Живописец пожал плечами. Он не видел ничего непреодолимого между людьми, не видел и особых различий, кроме тех, которые отделяли их, паломников, от толпы. Буслов почувствовал эту его братскую нераздельность с ним и потому поутих и не стал дальше сердиться на Лоскутникова, который, казалось, все плотнее и жестче обустраивался в их путешествии источником неизбывного для него, Буслова, раздражения.
Они наспех поели, собрали вещи и выступили в путь, еще ранний по времени, но как будто и слишком неопределенный, могущий начаться, как и оборваться, в любое мгновение. У них была реальная, поставленная Чулихиным цель после источника достичь монастыря, но если источник не мог не существовать просто потому, что туда уверенно направлялись толпы народа и с ними шел вчера Обузов, не склонный к фантазиям и метафорам, то монастырь, прятавшийся за глухими тропами и проселками, существовал, наверное, разве что в воображении, да и не Чулихина, для которого весь мир был все равно что дом родной и вместе с тем ничто, пустое место, а в воображении Буслова, побудившего живописца оформить его смутные пожелания в некую более или менее сознательную цель. Лоскутников начал это понимать. Не потому ли и стал Буслов то и дело подгонять Чулихина, напоминать тому, что их пора вывести к монастырю? - мысленно усмехался он и словно сам уже замышлял что-то вероломное. И ему стало совершенно безразлично, куда его приведут. Ему представилось, что прочное чулихинское знание этого края, как на шахматной доске поставившее в одном углу источник, а в другом монастырь, и мощное, но не оправленное, отнюдь не сверкающее заведомо ценным рисунком в превосходной раме стремление Буслова к некоторым образом выстраданной им, по крайней мере его пылким воображением, цели сходятся в нем, Лоскутникове, как в пустоте, рискуя вовсе в ней затеряться, и именно это обстоятельство дарует ему возможность по-своему тасовать или даже подменять чем-то иным утвержденные выбором Чулихина и фантазией Буслова объекты. Другое дело, воспользуется ли он этой возможностью. Нужна ли ему она?
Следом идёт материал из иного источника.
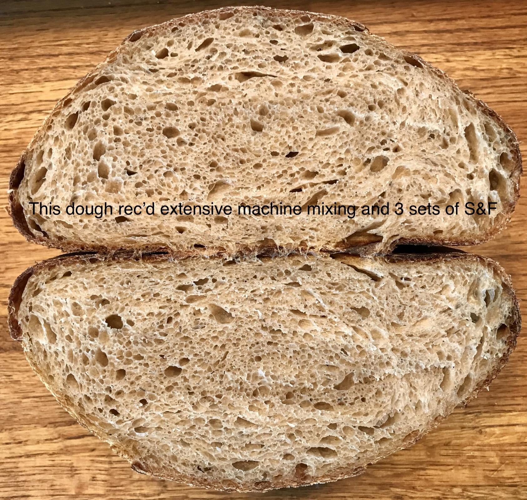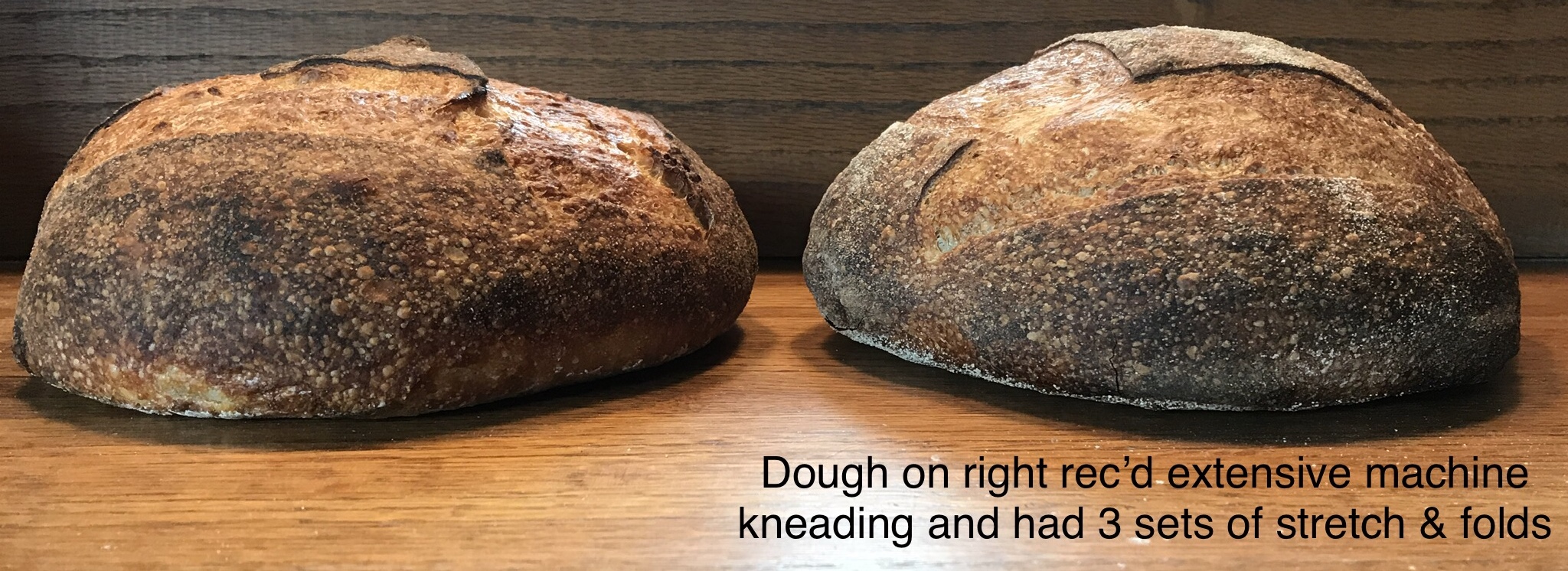 Conclusions - the dough thta rec’d the machine kneading was slightly stronger, held its shape better, and baked slightly higher. The crumb was a little nicer. See images below. NOTE - the darker crumb is the result of using 3g chocolate malt for identification.
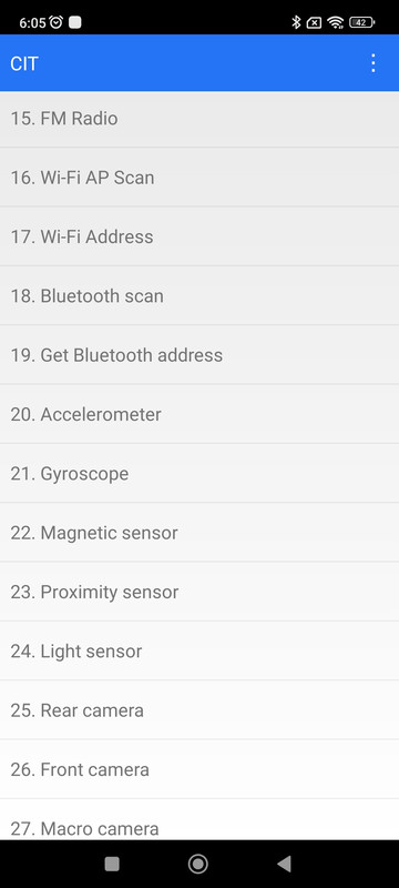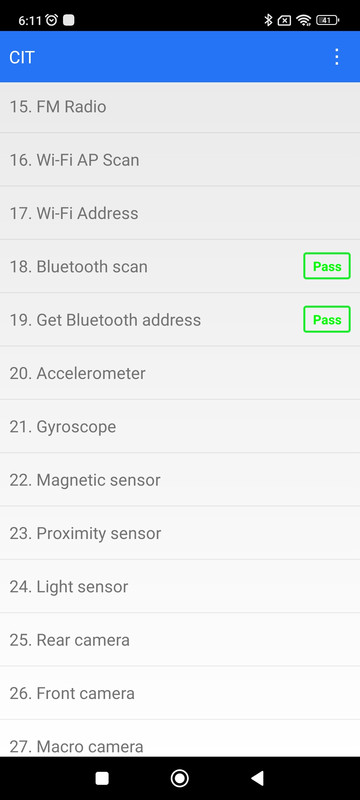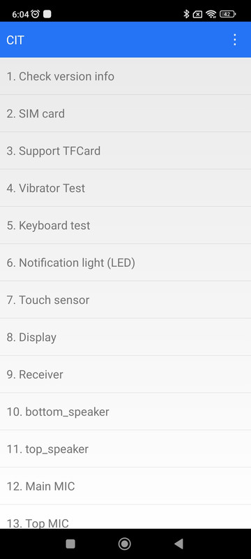 Vlezte do nastavení telefonu > O telefonu > Detailní informace a specifikace > Verze jádra > na tuto položku budete opakovaně ťukat prstem a přitom vám bude v bublině vyskakovat hláška „Ještě 3,2,1 krok od vstupu do CIT“ Nakonec se vám tento test mod sám otevře .Jeho prostředí vypadá takto a 18té  a 19té pozici jsou dvě položky k otestování bluetoothu a to „Bluetooth scan“ a „Get Bluetooth address“. Stačí na tu první položku (18) kliknout a nic nedělat.Test probíhá automaticky funkce po funkci. Pokud test ukáže, že Bluetooth správně funguje, pak u obou těchto položek uvidíte zeleně psané „Pass“ Pokud uvidíte červené psané „Fail“, pak s funkcí Bluetooth bude něco v nepořádku.  Pokud budete chtít proskenovat všechny funkce telefonu, tak začněte od jedničky. U některých funkcí to bude  chtit třeba naklápět mobil do všech strany (osy x,y,z), nebo u Proximity sensor zakrývat displej dlaní (při odkrytém displeji vidite hodnotu 5.0 a když displej zastíníte dlaní tak hodnota padne na 0.0 .Po odkrytí vyleze opět na 5.0. Toto je jeho správná funkce ) U některých položek, kde test proběhl OK, tak vám dole vlevo dole zmodrá jinak zešedlé „Pass“ .Na to kliknete a posunete se k testu další funkce. Ale to jsem už moc odběhl.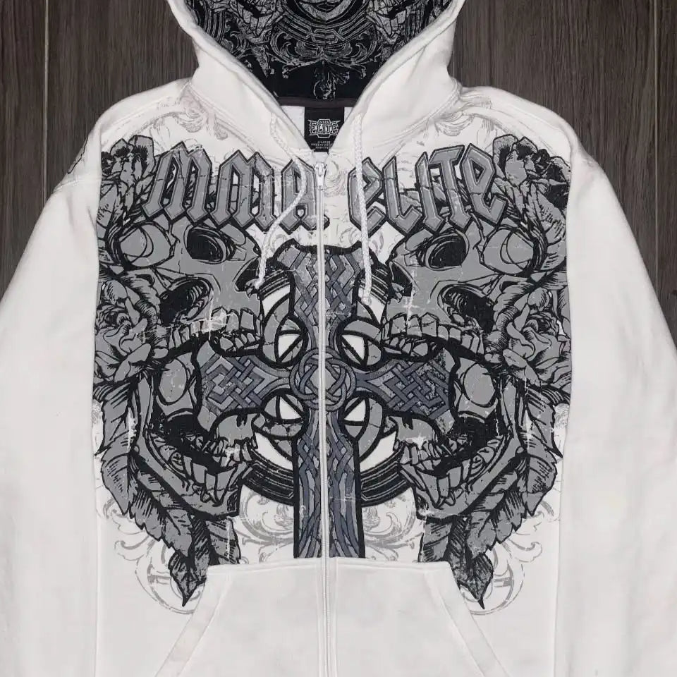 Felpa gotica Y2k con zip ricamata retrò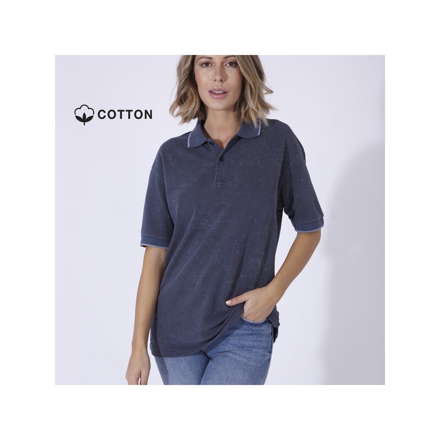 El Polo Adulto Ken es de un estilo moderno con efecto lavado jeans. Confeccionado en algodón suave y resistente. Detalles contrastantes. Personalizable.
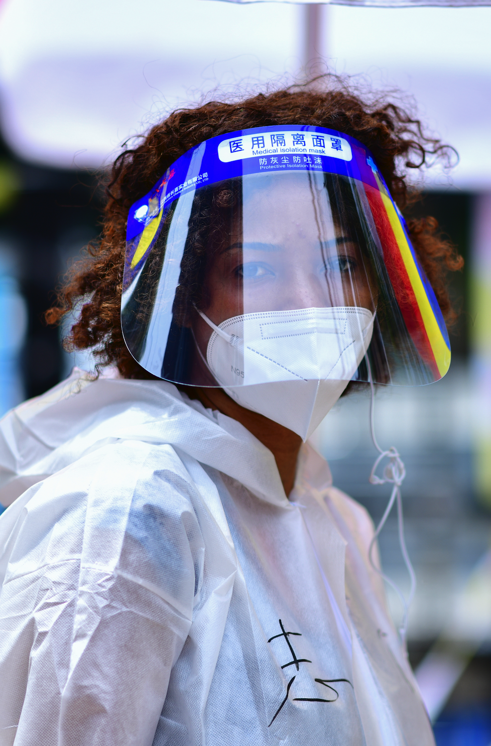 人们能一眼认出她,或许是因为一头蓬起来的卷发和棕褐色的皮肤,又或许是她露出的一双眼睛,总闪烁着友好和热情。“做核酸了吗?”“你今天真漂亮呀!” 她用流畅的中文,大声招呼每一个人,欢快的声音在人群中穿梭。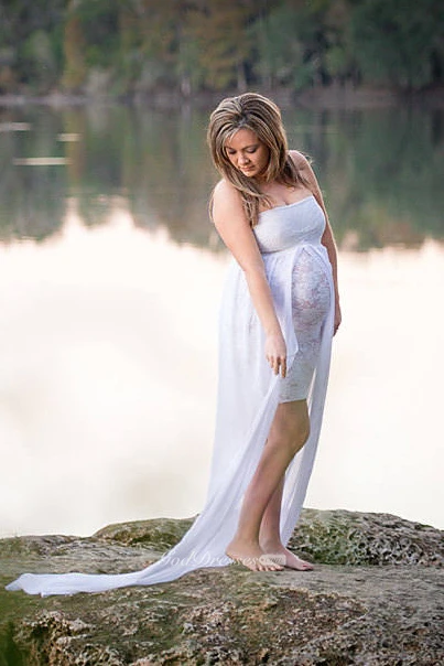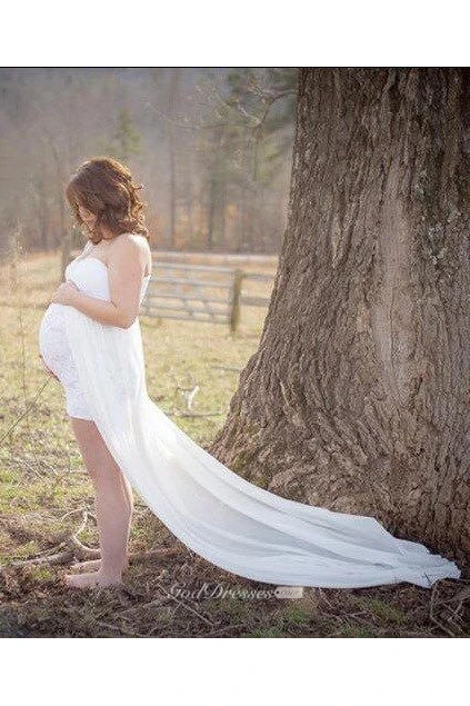 Chiffon Lace A-line Sleeveless Strapless Maternity Wedding Dress with Split Front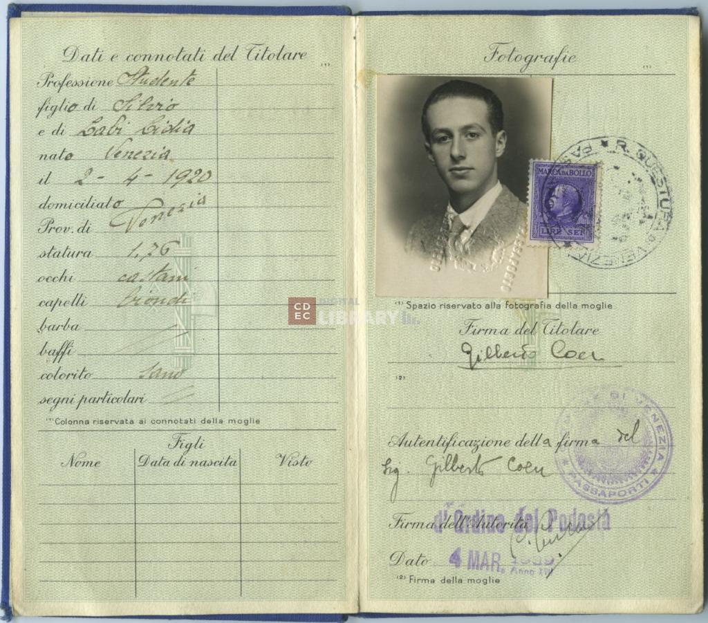 notizie storico-critiche | Passaporto per l'estero emesso dal Regno d'Italia e rilasciato dalla R. Questura di Venezia il 4 marzo 1939 per espatrio verso Svizzera e Inghilterra. Nel 1939 Gilberto Coen, a seguito dell'emanazione delle leggi razziste, emigra in Svizzera dove si iscrive all'Università di Losanna al ciclo di studi in Ingegneria chimica |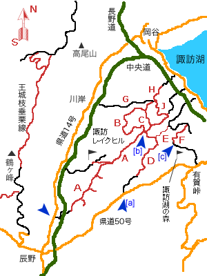 | D:菖蒲が沢林道 | E:不明 | F:不明 |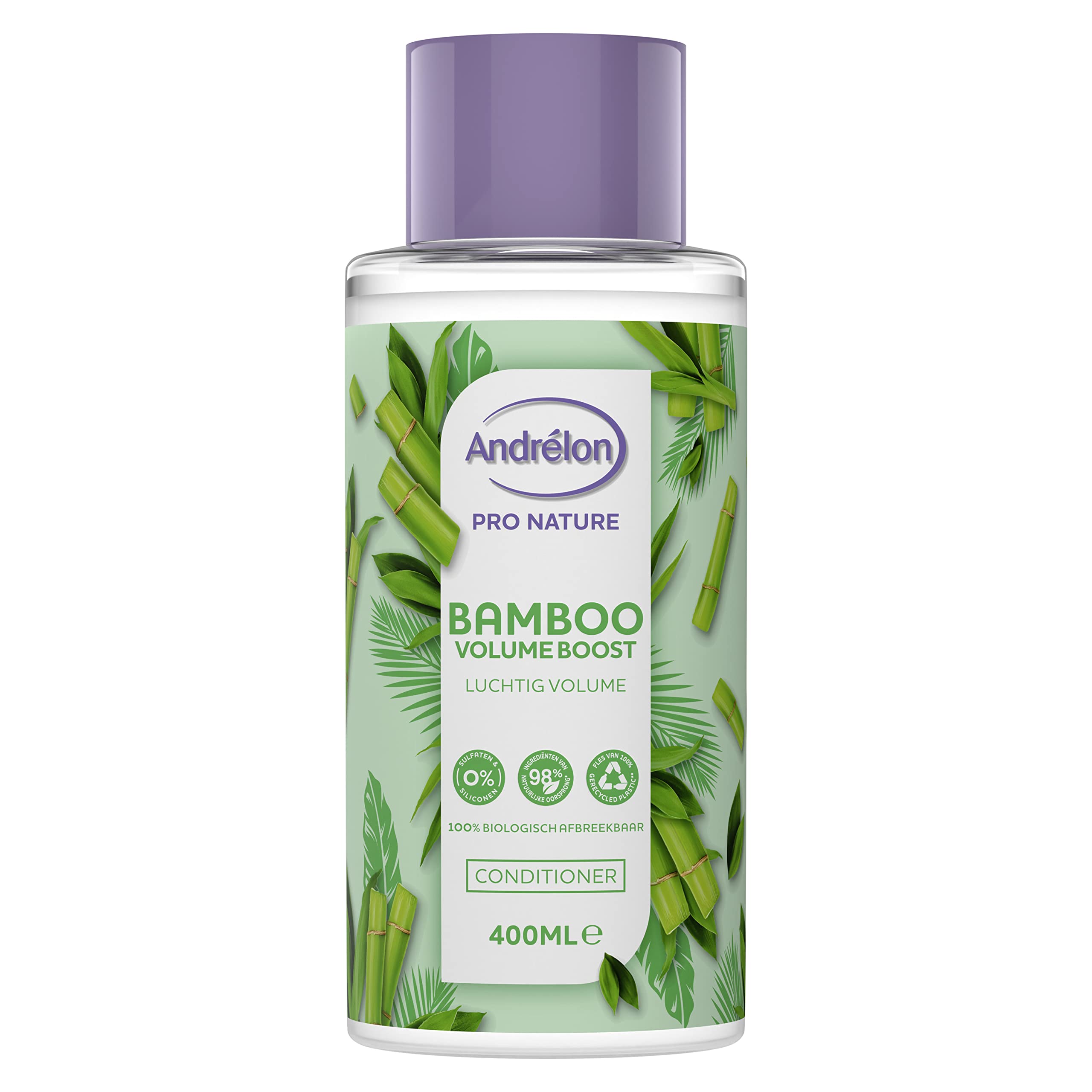 The benefits of Andrélon Pro Nature Bamboo Volume Boost Hair Conditioner: Give your hair a boost with the Bamboo Volume Boost line. Andrélon Pro Nature Bamboo Volume Boost Hair Conditioner is enriched with bamboo, hydrates lifeless hair and provides airy volume with a beautiful natural shine. The silicone has been replaced by natural coconut oil. This nourishes the hair from within. It penetrates deep into your hair without weighing it down. The hair conditioner hydrates lifeless hair and provides airy volume with a beautiful natural shine. It gives your hair a wonderful scent. The conditioner contains 0 sulphates and is made with 98 ingredients of natural origin . How it works: Squeeze, distribute over the length of your hair, let it work for a while and rinse. For optimal results and nourishment of your hair, also use the Andrélon Pro Nature Bamboo Volume Boost Shampoo. About Andrélon: Andrélon is the best-selling hair care brand in the Netherlands and has a rich history of more than 80 years. Nowadays, Andrélon has become an indispensable part of the Dutch bathroom. With an extensive range of shampoos, conditioners, treatments and styling products, Andrélon offers a hair product for every type of hair. For example, Andrélon Pro Nature is a line of natural hair care with up to 98 ingredients of natural origin, free of sulphates and silicones and 100 biodegradable. The conditioners in this line are enriched with active natural coconut oil, which replaces the silicone in these hair products. This nourishes your hair from within and ensures soft and shiny hair. All shampoo and conditioner bottles are recyclable and made from 100 recycled plastic . This is how Andrélon ensures radiant hair and the planet. Andrélon makes her shine. The remaining 2 guarantees the quality and safety of our products. Except the cap. INSTRUCTIONS FOR USE Squeeze, distribute over the length of your hair, let it work for a while and rinse. For optimal results and nourishment of your hair, also use the Andrélon Pro Nature Bamboo Volume Boost Shampoo. MANUFACTURER CONTACT INFORMATION 455 3013 AL NL See moreThe bottle of this conditioner is recyclable and is 100 recycled plastic. Natural hair care with 98 ingredients of natural origin . The Bamboo Volume Boost Conditioner is 100 biodegradable. Gives lifeless hair airy volume with a beautiful natural shine. The conditioner does not contain sulfates and silicone is enriched with bamboo. Andrélon Pro Nature Bamboo Volume Boost Hair Conditioner intensely hydrates.Andrélon Pro Nature Bamboo Volume Boost Haarconditioner, hydrateert futloos haar en geeft luchtig volume met een natuurlijke glans - 400 ml De voordelen van Andrélon Pro Nature Bamboo Volume Boost Haarconditioner: Geef je haar een boost met de Bamboo Volume Boost lijn. Andrélon Pro Nature Bamboo Volume Boost Haarconditioner is verrijkt met bamboe, hydrateert futloos haar en geeft luchtig volume met een prachtige natuurlijke glans. De siliconen zijn vervangen door natuurlijke kokosolie. Hierdoor wordt het haar van binnen gevoed. Het dringt diep door in je haar, zonder het te verzwaren. De haarconditioner hydrateert futloos haar en geeft luchtig volume met een prachtige natuurlijke glans. Het geeft je haar een heerlijke geur. De conditioner bevat 0 sulfaten en is gemaakt met 98 ingrediënten van natuurlijke oorsprong . Hoe het werkt: Knijp, verdeel over de lengte van je haar, laat even inwerken en spoel het uit. Gebruik voor een optimaal resultaat en voeding van je haar ook de Andrélon Pro Nature Bamboo Volume Boost Shampoo. Over Andrélon: Andrélon is het meest verkochte haarverzorgingsmerk in Nederland en kent een rijke geschiedenis van meer dan 80 jaar. Tegenwoordig is Andrélon niet meer weg te denken uit de Nederlandse badkamer. Met een uitgebreid assortiment shampoos, conditioners, treatments en stylingproducten biedt Andrélon een haarproduct voor elk type haar. Zo is Andrélon Pro Nature een lijn van natuurlijke haarverzorging met tot 98 ingrediënten van natuurlijke oorsprong, vrij van sulfaten en siliconen én 100 biologisch afbreekbaar. De conditioners in deze lijn zijn verrijkt met actieve natuurlijke kokosolie, die de siliconen in deze haarproducten vervangt. Dit voedt je haar van binnen en zorgt voor zacht en glanzend haar. Alle shampoo en conditioner flessen zijn recyclebaar en gemaakt van 100 gerecycled plastic . Zo zorgt Andrélon voor stralend haar én voor de planeet. Andrélon laat haar stralen. De overige 2 garandeert de kwaliteit en veiligheid van onze producten. M.u.v. de dop. GEBRUIKSAANWIJZING Knijp, verdeel over de lengte van je haar, laat even inwerken en spoel het uit. Gebruik voor een optimaal resultaat en voeding van je haar ook de Andrélon Pro Nature Bamboo Volume Boost Shampoo. CONTACTINFORMATIE FABRIKANT 455 3013 AL NL Meer bekijkenDe fles van deze conditioner is recyclebaar en is 100 gerecycled plastic. Natuurlijke haarverzorging met 98 ingrediënten van natuurlijke oorsprong . De Bamboo Volume Boost Conditioner is 100 biologisch afbreekbaar. Geeft futloos haar luchtig volume met een prachtige natuurlijke glans. De conditioner bevat geen sulfaten en siliconen is verrijkt met bamboe. Andrélon Pro Nature Bamboo Volume Boost Haarconditioner hydrateert intens.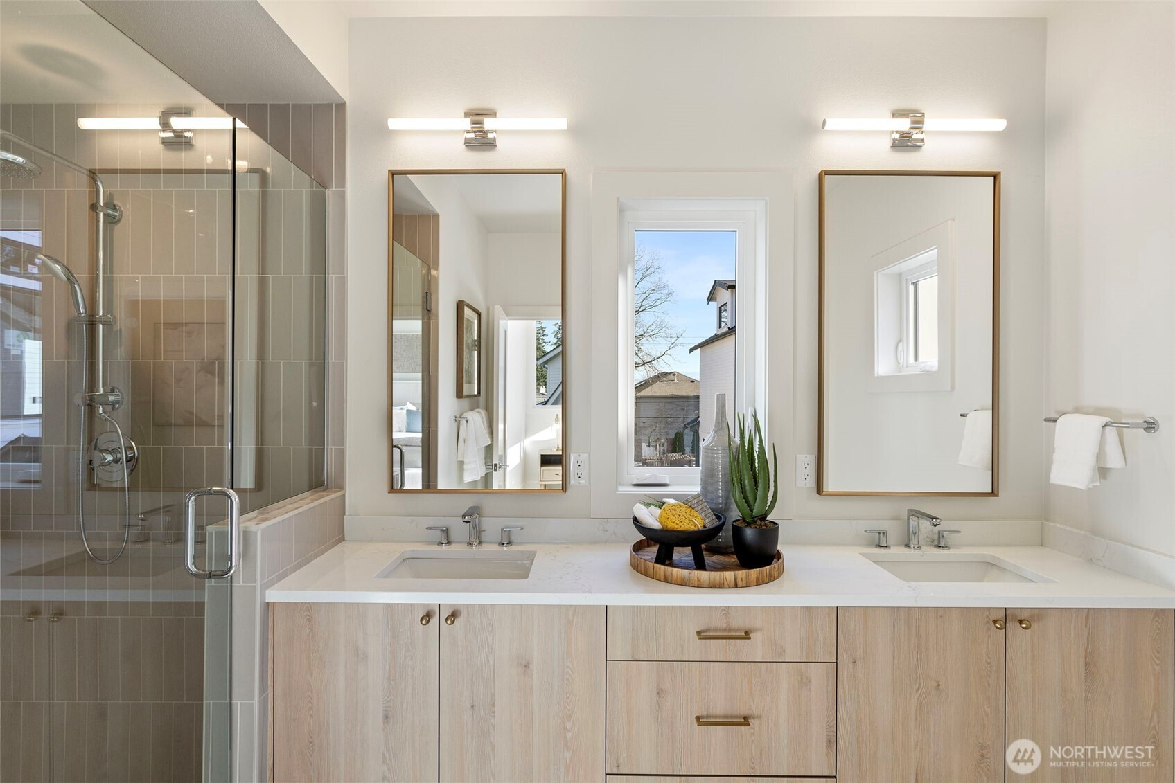 Discover elevated living in this stunning new construction home by Jake'sD, perfectly situated on a dead-end street in Rose Hill. Designed with both sophistication and comfort in mind, this 3-bedroom, 2.75-bath residence offers a seamless open-concept layout ideal for modern lifestyles. Showcasing distinctive Northwest Contemporary design, the home is appointed with refined finishes and expansive windows that invite abundant natural light throughout. The main level is anchored by a chef-inspired kitchen featuring a generous island and high-end appliances, creating a natural gathering space for entertaining and everyday living. Upstairs, the spacious primary suite offers a serene escape, complete with a walk-in closet and a spa-like bath designed for relaxation. One more floor up, there is a great sized bonus room, perfect for hanging out or working out, that also includes a half-bathroom. Outside, enjoy a beautiful fully fenced yard with great landscaping. Home comes equipped with solar panels. Just minutes from downtown Kirkland’s shops, dining, and waterfront, this exceptional home has it all and also includes a one-car garage equipped with EV charging!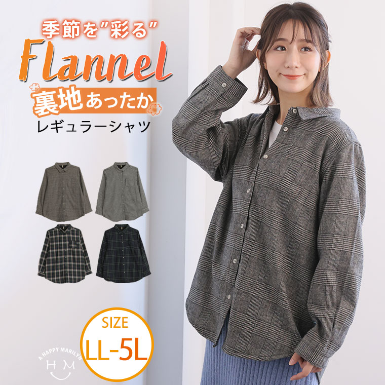 トップス ブラウス LL 3L 4L 5L 冬 冬物 冬服 ぽっちゃり ゆったり あったか 暖かい 冬シャツ シンプル ベーシック かわいい カジュアル ナチュラル プラスサイズ 裏フリース レギュラーシャツ フランネル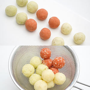 4.③をそれぞれ同じ大きさに団子状に丸め、沸騰したお湯に入れ、浮き上がったらすぐザルにあげる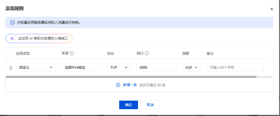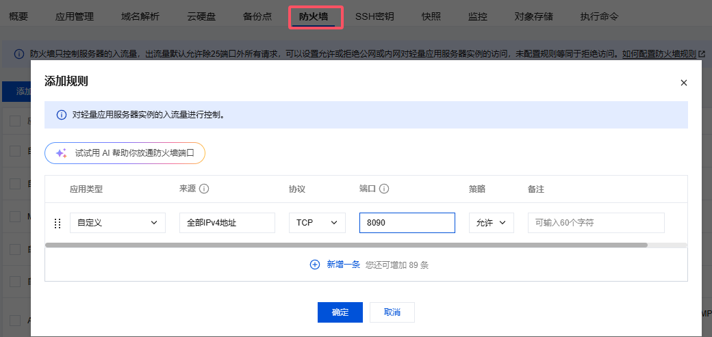 轻量服务器的防火墙需要放通 8888 端口,这是宝塔面板的默认端口,若不放开此端口,后续将无法正常打开宝塔面板进行相关操作。

Чтобы ответить на этот вопрос, он должен был прежде понять, сохранило ли еще серьезность их преследование цели, что бы эта последняя собой ни представляла. Не превратилось ли оно в игру с привкусом сумасшествия и истерики, вполне обнаружившимся в бусловской попытке самоубийства? Лоскутников недоумевал. Сам он хотел серьезности и даже некоторым образом мечтал о ней, ибо ему, как ни верти, нужно было прояснить собственное будущее и по всему выходило, что сделать это лучше еще до того, как Чулихин на том или ином переходе вдруг объявит, что цель ими достигнута. Но, с другой стороны, какая ж тут серьезность, если они после привала вовсе уж пошли одним только сплошным лесом, без всякой очерченной дороги, если этот лес все плотнее и обстоятельнее рисовал перед глазами исключительное однообразие? И вместе с тем, чувствовал Лоскутников, за этой то так, то этак поворачивающейся зеленой плоскостью, в которую обратился лес, могло в любое мгновение рассеяться нечто по-настоящему основательное, умеющее быть и миражем, и самой что ни на есть объективной реальностью, и тогда, глядишь, перед ними предстанет именно монастырь, которому в действительности быть тут совсем не место. А если произойдет подобное чудо, как, какой внутренней силой сможет он оспорить его серьезность? Это один вопрос, а другой: если для совершения чуда необходимо рассеяние некой основы, что же после этого серьезного останется от него и его спутников?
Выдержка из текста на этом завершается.